Task objective: Repeat the listing below word for word, minus the pictures.

Supplied material:
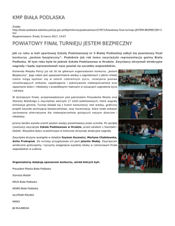 KMP BIAŁA PODLASKA Źródło: http://biala-podlaska.lubelska.policja.gov.pl/lbp/informacje/aktualnosci/57873,Powiatowy-final-turnieju-JESTEM-BEZPIECZNY.h tml Wygenerowano: Środa, 8 marca 2017, 14:07 POWIATOWY FINAŁ TURNIEJU JESTEM BEZPIECZNY Jak co roku w hali sportowej Szkoły Podstawowej nr 5 Białej Podlaskiej odbył się powiatowy finał konkursu „Jestem bezpieczny”. Podobnie jak rok temu zwyciężyła reprezentacja gminy Biała Podlaska. W tym roku była to jednak Szkoła Podstawowa w Hrudzie. Zwycięzcy otrzymali atrakcyjne nagrody i będą reprezentowali nasz powiat na szczeblu wojewódzkim. Komenda Miejska Policji już od 16 lat głównym organizatorem konkursu „Jestem Bezpieczny”. Jego celem jest upowszechnienie wiedzy o zagrożeniach z jakimi młodzi ludzie mogą spotkać się w swoim codziennym życiu, rozwijanie postaw umożliwiających unikanie, zapobieganie i pokonywanie niebezpieczeństw oraz zapoznanie dzieci i młodzieży z prawidłowymi reakcjami w sytuacjach zagrożenia życia i zdrowia. W dzisiejszym finale, przeprowadzonym pod patronatem Prezydenta Miasta oraz Starosty Bialskiego o zwycięstwo walczyło 17 szkół podstawowych, które wygrały eliminacje gminne. Turniej składał się z trzech konkurencji: test wiedzy, graficzny projekt koszulki promującej bezpieczeństwo, oraz inscenizacja, która miała wskazać zachowania alternatywne dla niebezpieczeństw grożących naszym dzieciom i młodzieży. Jurorzy bardzo wysoko ocenili poziom wiedzy prezentowany przez uczniów. Po zaciętej rywalizacji zwyciężyła Szkoła Podstawowa w Hrudzie, przed szkołami z Sosnówki i Szóstki. Wszystkie dzieci uczestniczące w konkursie otrzymały atrakcyjne nagrody. Zwycięska drużyna wystąpiła w składzie Szymon Kucewicz, Martyna Chałstowska, Anita Prokopiuk. Do turnieju przygotowała ich pani Jolanta Madej. Zwycięzcom serdecznie gratulujemy i życzymy osiągnięcia wysokiej lokaty w czerwcowym finale wojewódzkim w Lublinie. Organizatorzy dziękują sponsorom konkursu, wśród których byli: Prezydent Miasta Biała Podlaska Starosta Bialski KRUS Biała Podlaska WORD Biała Podlaska ALUTEAM POLSKA MIREX JB MULIMEDIA BIALCON GARDEN SERVICE GREINPLAST GEOINVEST Market MRÓWKA KOSMET-HURT PIECHOCKA TRAVEL CARREFOUR BIURO PROJEKTÓW PIOTR DAWIDZIUK FIRMA PEGAZ PIOTR RUDZKI ART STAL TOMASZ TROJAN CENTRUM HANDLOWE "RYWAL" Powiatowy finał turnieju JESTEM BEZPIECZNY Jak co roku w hali sportowej Szkoły Podstawowej nr 5 Białej Podlaskiej odbył się powiatowy finał konkursu „Jestem bezpieczny”. Podobnie jak rok temu zwyciężyła reprezentacja gminy Biała Podlaska. W tym roku była to jednak Szkoła Podstawowa w Hrudzie. Zwycięzcy otrzymali atrakcyjne nagrody i będą reprezentowali nasz powiat na szczeblu wojewódzkim. Komenda Miejska Policji już od 16 lat głównym organizatorem konkursu „Jestem Bezpieczny”. Jego celem jest upowszechnienie wiedzy o zagrożeniach z jakimi młodzi ludzie mogą spotkać się w swoim codziennym życiu, rozwijanie postaw umożliwiających unikanie, zapobieganie i pokonywanie niebezpieczeństw oraz zapoznanie dzieci i młodzieży z prawidłowymi reakcjami w sytuacjach zagrożenia życia i zdrowia. W dzisiejszym finale, przeprowadzonym pod patronatem Prezydenta Miasta oraz Starosty Bialskiego o zwycięstwo walczyło 17 szkół podstawowych, które wygrały eliminacje gminne. Turniej składał się z trzech konkurencji: test wiedzy, graficzny projekt koszulki promującej bezpieczeństwo, oraz inscenizacja, która miała wskazać zachowania alternatywne dla niebezpieczeństw grożących naszym dzieciom i młodzieży. Jurorzy bardzo wysoko ocenili poziom wiedzy prezentowany przez uczniów. Po zaciętej rywalizacji zwyciężyła Szkoła Podstawowa w Hrudzie, przed szkołami z Sosnówki i Szóstki. Wszystkie dzieci uczestniczące w konkursie otrzymały atrakcyjne nagrody. Zwycięska drużyna wystąpiła w składzie Szymon Kucewicz, Martyna Chałstowska, Anita Prokopiuk. Do turnieju przygotowała ich pani Jolanta Madej. Zwycięzcom serdecznie gratulujemy i życzymy osiągnięcia wysokiej lokaty w czerwcowym finale wojewódzkim w Lublinie. Organizatorzy dziękują sponsorom konkursu, wśród których byli: Prezydent Miasta Biała Podlaska Starosta Bialski KRUS Biała Podlaska WORD Biała Podlaska ALUTEAM POLSKA MIREX JB MULIMEDIA BIALCON GARDEN SERVICE GREINPLAST GEOINVEST Market MRÓWKA KOSMET-HURT PIECHOCKA TRAVEL CARREFOUR BIURO PROJEKTÓW PIOTR DAWIDZIUK FIRMA PEGAZ PIOTR RUDZKI ART STAL TOMASZ TROJAN CENTRUM HANDLOWE "RYWAL" Ocena: 0/5 (0) Tweetnij
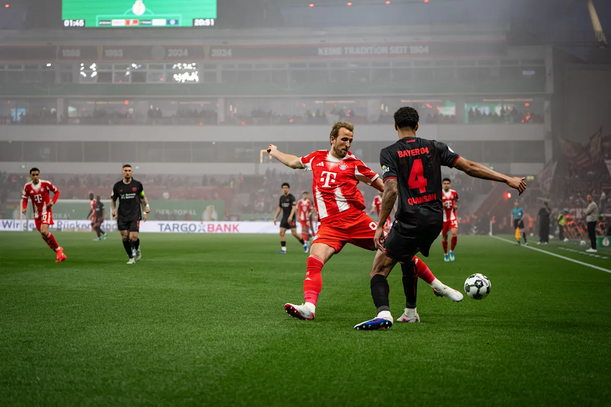 LEVERKUSEN, ALEMANHA – 22 DE ABRIL: Harry Kane do FC Bayern München com a bola durante a partida semifinal da Copa DFB entre Bayer 04 Leverkusen e FC Bayarn München na BayArena em 22 de abril de 2026 em Leverkusen, Alemanha. (Foto de S. Meller/FC Bayern via Getty Images) | FC Bayern via Getty Images
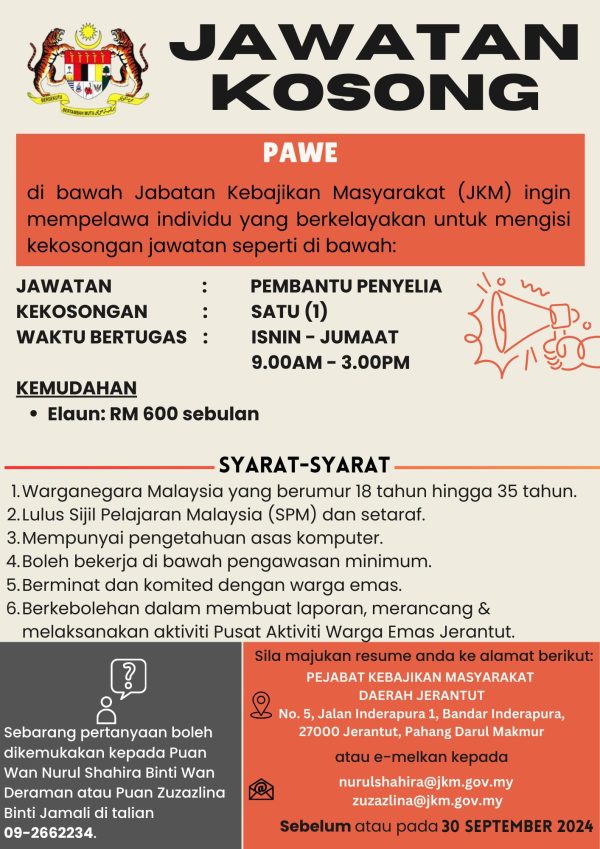 Iklan Kini Jawatan Kosong Jabatan Kebajikan Masyarakat Negeri Terengganu Like serta Ikut Facebook Kami, follow Chanel WhatsApp Jawatan Kosong & Telegram Portal SPA9 untuk capaian pantas kekosongan jawatan daripada kami sekarang.
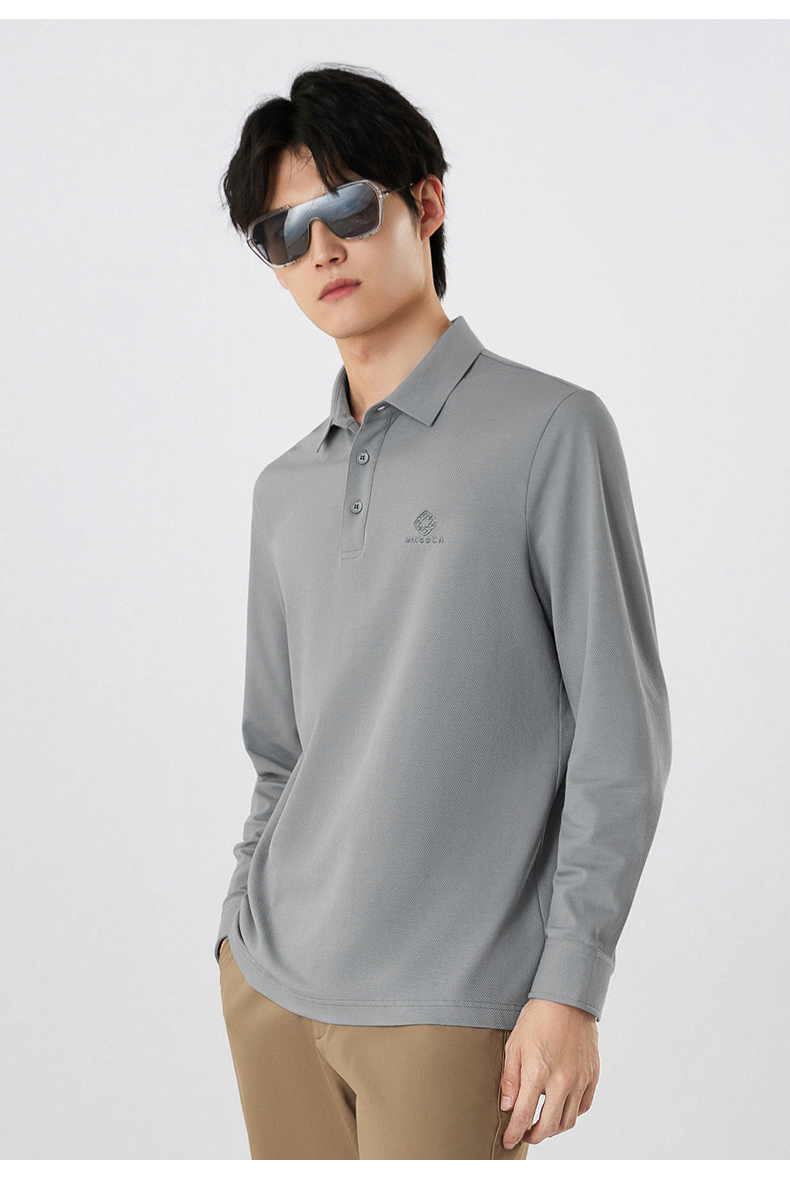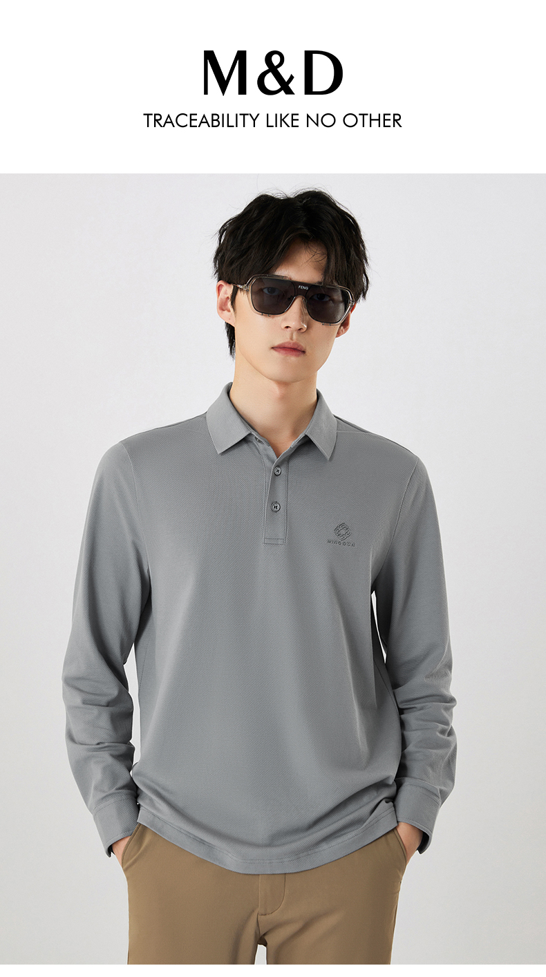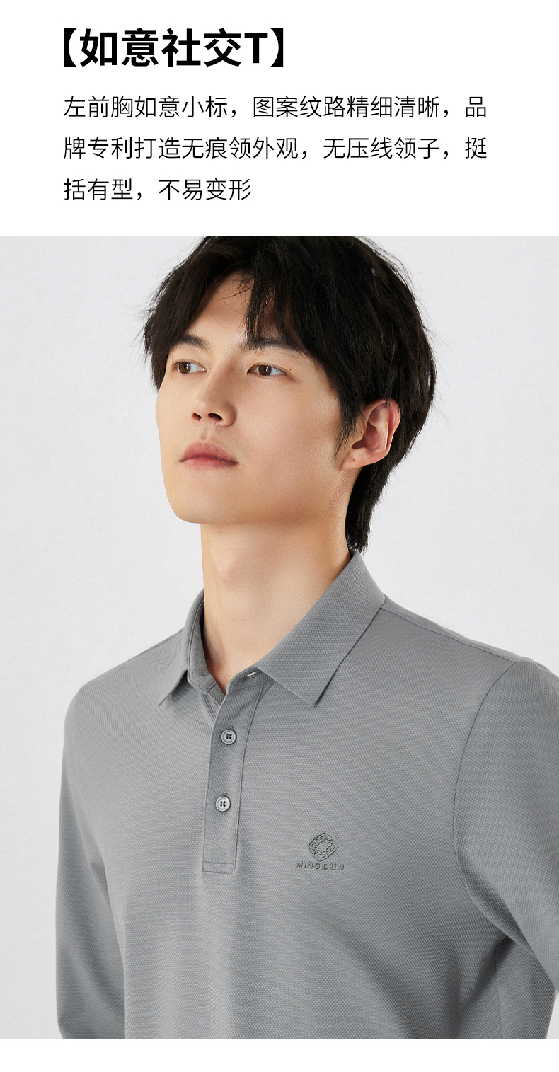MD名盾男士翻领长袖POLO衫商务休闲秋季新款修身桑蚕丝混纺打底衣

Finished exercise:
 KMP BIAŁA PODLASKA Źródło: http://biala-podlaska.lubelska.policja.gov.pl/lbp/informacje/aktualnosci/57873,Powiatowy-final-turnieju-JESTEM-BEZPIECZNY.h tml Wygenerowano: Środa, 8 marca 2017, 14:07 POWIATOWY FINAŁ TURNIEJU JESTEM BEZPIECZNY Jak co roku w hali sportowej Szkoły Podstawowej nr 5 Białej Podlaskiej odbył się powiatowy finał konkursu „Jestem bezpieczny”. Podobnie jak rok temu zwyciężyła reprezentacja gminy Biała Podlaska. W tym roku była to jednak Szkoła Podstawowa w Hrudzie. Zwycięzcy otrzymali atrakcyjne nagrody i będą reprezentowali nasz powiat na szczeblu wojewódzkim. Komenda Miejska Policji już od 16 lat głównym organizatorem konkursu „Jestem Bezpieczny”. Jego celem jest upowszechnienie wiedzy o zagrożeniach z jakimi młodzi ludzie mogą spotkać się w swoim codziennym życiu, rozwijanie postaw umożliwiających unikanie, zapobieganie i pokonywanie niebezpieczeństw oraz zapoznanie dzieci i młodzieży z prawidłowymi reakcjami w sytuacjach zagrożenia życia i zdrowia. W dzisiejszym finale, przeprowadzonym pod patronatem Prezydenta Miasta oraz Starosty Bialskiego o zwycięstwo walczyło 17 szkół podstawowych, które wygrały eliminacje gminne. Turniej składał się z trzech konkurencji: test wiedzy, graficzny projekt koszulki promującej bezpieczeństwo, oraz inscenizacja, która miała wskazać zachowania alternatywne dla niebezpieczeństw grożących naszym dzieciom i młodzieży. Jurorzy bardzo wysoko ocenili poziom wiedzy prezentowany przez uczniów. Po zaciętej rywalizacji zwyciężyła Szkoła Podstawowa w Hrudzie, przed szkołami z Sosnówki i Szóstki. Wszystkie dzieci uczestniczące w konkursie otrzymały atrakcyjne nagrody. Zwycięska drużyna wystąpiła w składzie Szymon Kucewicz, Martyna Chałstowska, Anita Prokopiuk. Do turnieju przygotowała ich pani Jolanta Madej. Zwycięzcom serdecznie gratulujemy i życzymy osiągnięcia wysokiej lokaty w czerwcowym finale wojewódzkim w Lublinie. Organizatorzy dziękują sponsorom konkursu, wśród których byli: Prezydent Miasta Biała Podlaska Starosta Bialski KRUS Biała Podlaska WORD Biała Podlaska ALUTEAM POLSKA MIREX JB MULIMEDIA BIALCON GARDEN SERVICE GREINPLAST GEOINVEST Market MRÓWKA KOSMET-HURT PIECHOCKA TRAVEL CARREFOUR BIURO PROJEKTÓW PIOTR DAWIDZIUK FIRMA PEGAZ PIOTR RUDZKI ART STAL TOMASZ TROJAN CENTRUM HANDLOWE "RYWAL" Powiatowy finał turnieju JESTEM BEZPIECZNY Jak co roku w hali sportowej Szkoły Podstawowej nr 5 Białej Podlaskiej odbył się powiatowy finał konkursu „Jestem bezpieczny”. Podobnie jak rok temu zwyciężyła reprezentacja gminy Biała Podlaska. W tym roku była to jednak Szkoła Podstawowa w Hrudzie. Zwycięzcy otrzymali atrakcyjne nagrody i będą reprezentowali nasz powiat na szczeblu wojewódzkim. Komenda Miejska Policji już od 16 lat głównym organizatorem konkursu „Jestem Bezpieczny”. Jego celem jest upowszechnienie wiedzy o zagrożeniach z jakimi młodzi ludzie mogą spotkać się w swoim codziennym życiu, rozwijanie postaw umożliwiających unikanie, zapobieganie i pokonywanie niebezpieczeństw oraz zapoznanie dzieci i młodzieży z prawidłowymi reakcjami w sytuacjach zagrożenia życia i zdrowia. W dzisiejszym finale, przeprowadzonym pod patronatem Prezydenta Miasta oraz Starosty Bialskiego o zwycięstwo walczyło 17 szkół podstawowych, które wygrały eliminacje gminne. Turniej składał się z trzech konkurencji: test wiedzy, graficzny projekt koszulki promującej bezpieczeństwo, oraz inscenizacja, która miała wskazać zachowania alternatywne dla niebezpieczeństw grożących naszym dzieciom i młodzieży. Jurorzy bardzo wysoko ocenili poziom wiedzy prezentowany przez uczniów. Po zaciętej rywalizacji zwyciężyła Szkoła Podstawowa w Hrudzie, przed szkołami z Sosnówki i Szóstki. Wszystkie dzieci uczestniczące w konkursie otrzymały atrakcyjne nagrody. Zwycięska drużyna wystąpiła w składzie Szymon Kucewicz, Martyna Chałstowska, Anita Prokopiuk. Do turnieju przygotowała ich pani Jolanta Madej. Zwycięzcom serdecznie gratulujemy i życzymy osiągnięcia wysokiej lokaty w czerwcowym finale wojewódzkim w Lublinie. Organizatorzy dziękują sponsorom konkursu, wśród których byli: Prezydent Miasta Biała Podlaska Starosta Bialski KRUS Biała Podlaska WORD Biała Podlaska ALUTEAM POLSKA MIREX JB MULIMEDIA BIALCON GARDEN SERVICE GREINPLAST GEOINVEST Market MRÓWKA KOSMET-HURT PIECHOCKA TRAVEL CARREFOUR BIURO PROJEKTÓW PIOTR DAWIDZIUK FIRMA PEGAZ PIOTR RUDZKI ART STAL TOMASZ TROJAN CENTRUM HANDLOWE "RYWAL" Ocena: 0/5 (0) Tweetnij
 LEVERKUSEN, ALEMANHA – 22 DE ABRIL: Harry Kane do FC Bayern München com a bola durante a partida semifinal da Copa DFB entre Bayer 04 Leverkusen e FC Bayarn München na BayArena em 22 de abril de 2026 em Leverkusen, Alemanha. (Foto de S. Meller/FC Bayern via Getty Images) | FC Bayern via Getty Images
 Iklan Kini Jawatan Kosong Jabatan Kebajikan Masyarakat Negeri Terengganu Like serta Ikut Facebook Kami, follow Chanel WhatsApp Jawatan Kosong & Telegram Portal SPA9 untuk capaian pantas kekosongan jawatan daripada kami sekarang.
MD名盾男士翻领长袖POLO衫商务休闲秋季新款修身桑蚕丝混纺打底衣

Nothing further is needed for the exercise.